>>>

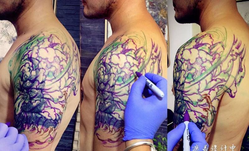 原创牡丹遮盖纹身图片_成品手臂肩部传统花原创艺奴刺域纹身图案
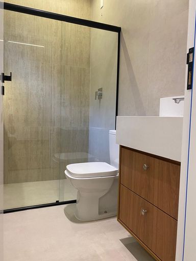 A casa será entregue com gabinetes nos banheiros, boxes, closet montado e planejados na cozinha, além de cooktop e coifa.
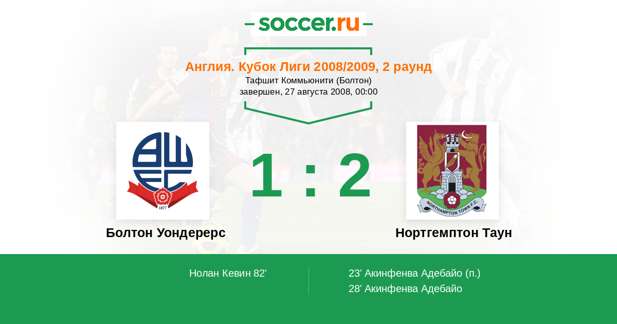 Протокол матча Болтон Уондерерс против Нортгемптон Таун
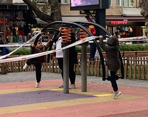 Çocuklar, belediye ekiplerinin parkın etrafını kapatmak için kullandığı şeritlere rağmen oyun oynaması görenleri şaşkına çevirdi. Annelerinin de parkta oyun oynayan çocukların yanında olması dikkatlerden kaçmadı.
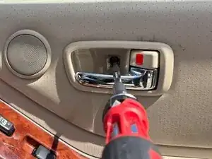 Проведите пластиковой отвёрткой вокруг кромки ручки двери и аккуратно подденьте облицовку, чтобы открыть доступ к винту.

<<<

▸ REQUIREMENT
Nothing should appear in the answer except the lines from the one containing "A casa será" through the last line of the listing, given again exactly and with no pictures.

▸ EXERCISE RESULT
 A casa será entregue com gabinetes nos banheiros, boxes, closet montado e planejados na cozinha, além de cooktop e coifa.
 Протокол матча Болтон Уондерерс против Нортгемптон Таун
 Çocuklar, belediye ekiplerinin parkın etrafını kapatmak için kullandığı şeritlere rağmen oyun oynaması görenleri şaşkına çevirdi. Annelerinin de parkta oyun oynayan çocukların yanında olması dikkatlerden kaçmadı.
 Проведите пластиковой отвёрткой вокруг кромки ручки двери и аккуратно подденьте облицовку, чтобы открыть доступ к винту.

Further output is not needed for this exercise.